PLEASE NOTE: This article is under embargo until 5 December 2006 at 1 am
For the first time in almost forty years, researchers are creating a global map of malaria risk. The Malaria Atlas Project, or MAP, will help identify populations at particular risk and predict the impact of the disease, allowing health resources to be targeted at those areas most at risk. Malaria is thought to kill over a million people every year, mostly children and pregnant women.
The research, funded by the Wellcome Trust, the UK's largest biomedical research charity, involves a collaboration between the Kenya Medical Research Institute (KEMRI) and the University of Oxford. Details and goals of the project are announced today in the open access journal PLoS Medicine.
Researchers from Kenya and Oxford will use information from satellites, population censuses and other electronic data related to factors that determine the presence of mosquitoes carrying the malaria parasites and the likelihood they will infect humans.

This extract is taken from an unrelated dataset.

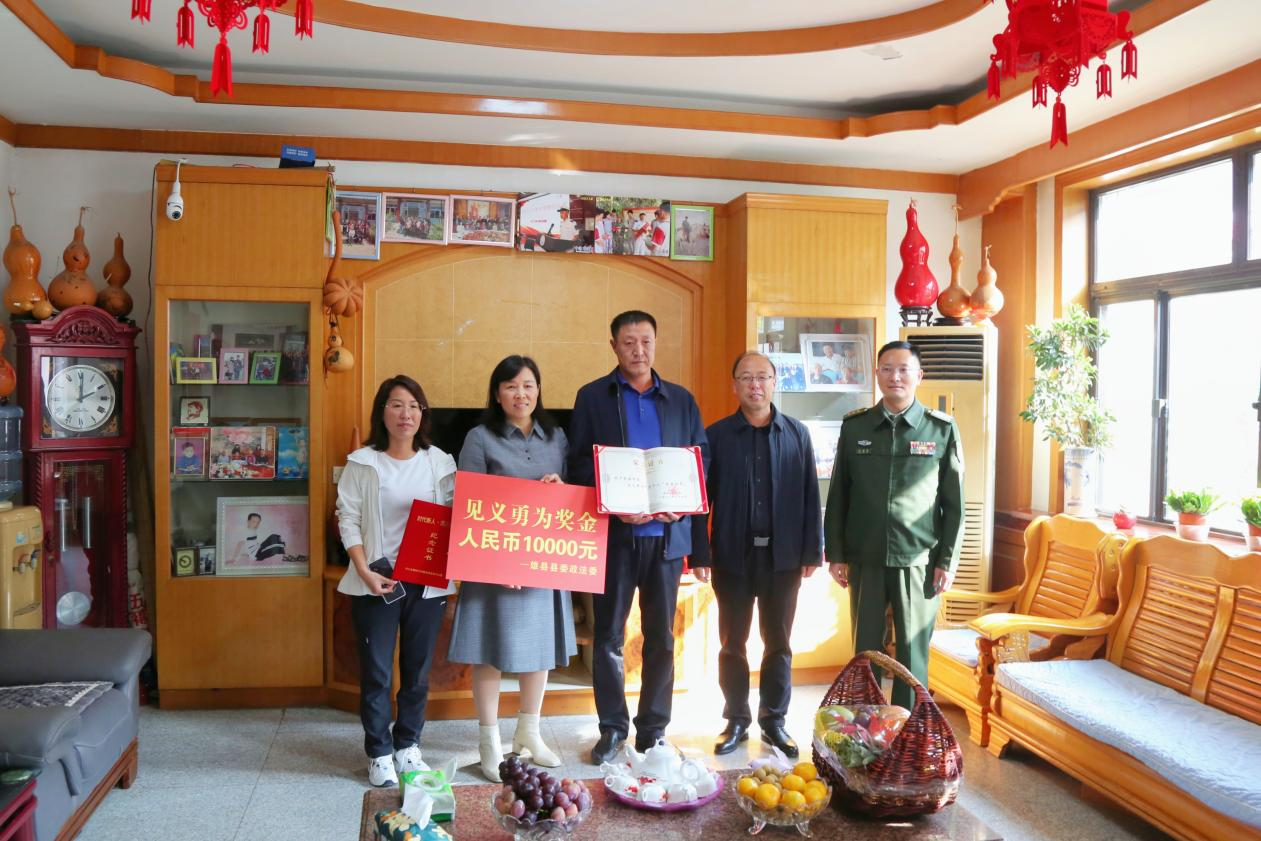 日前,在海軍某部服役的河北省雄安新區(qū)雄縣籍現(xiàn)役軍人趙磊,被家鄉(xiāng)雄縣人民政府授予“見義勇為先進個人”榮譽稱號。雄縣相關(guān)領(lǐng)導(dǎo)專程到“見義勇為先進個人”趙磊家中走訪慰問,為趙磊親屬頒發(fā)了證書和獎金。

Statistical approaches will enable comparisons to be made between areas where information exists with areas where there is no information to fill in the "gaps" to create a global map of malaria risk worldwide.
"At the moment, information on malaria infections and the impact of the disease remains the subject of best guesses based on national reporting systems, historical data or unvalidated models of malaria distribution," says Dr Simon Hay from the University of Oxford, who is based at KEMRI. "Resources for tackling malaria are driven by a mixture of perception and politics rather than an objective assessment of need. Clearly, this situation is untenable."
New anti-malarial drugs and commodities to prevent infection are available, but these are often expensive and the researchers are concerned that without an accurate measure of the impact of malaria, global and national finances will not be able to meet the need for these interventions.
"How we design malaria control and measure its impact depends on knowing how much malaria exists in a given area," says Professor Bob Snow, also from the University of Oxford and based at KEMRI. "Like any war, knowing where your enemy is located and in what strength determines how you engage them. Intelligence is key – without an intelligent approach to global malaria control I fear there will be much wasted funding and many missed opportunities."
Malaria scientists collect information on how many people are infected with malaria parasites, but MAP will be the first time that all the data have been gathered into a single source and linked to a map of the world. MAP has so far assembled information from 3126 communities in 79 countries and represents the single largest repository of contemporary information of malaria risk to-date. Importantly, MAP has been developed with an open-access philosophy to the data it gathers, allowing researchers anywhere in the world to access the data for free.
"We hope to provide a unique example of how medical intelligence linked maps can assist all partners concerned with the control of malaria," said Dr Carlos Guerra, a member of the MAP team who developed an interface between the MAP data and the widely used Google Earth.
It is almost 40 years since the first global map of malaria risk and burden was created. Ten years ago, researchers at KEMRI and the University of Oxford voiced the need to develop a detailed map of malaria transmission in Africa. Professor Snow and his team hope that MAP will fill this gap in knowledge.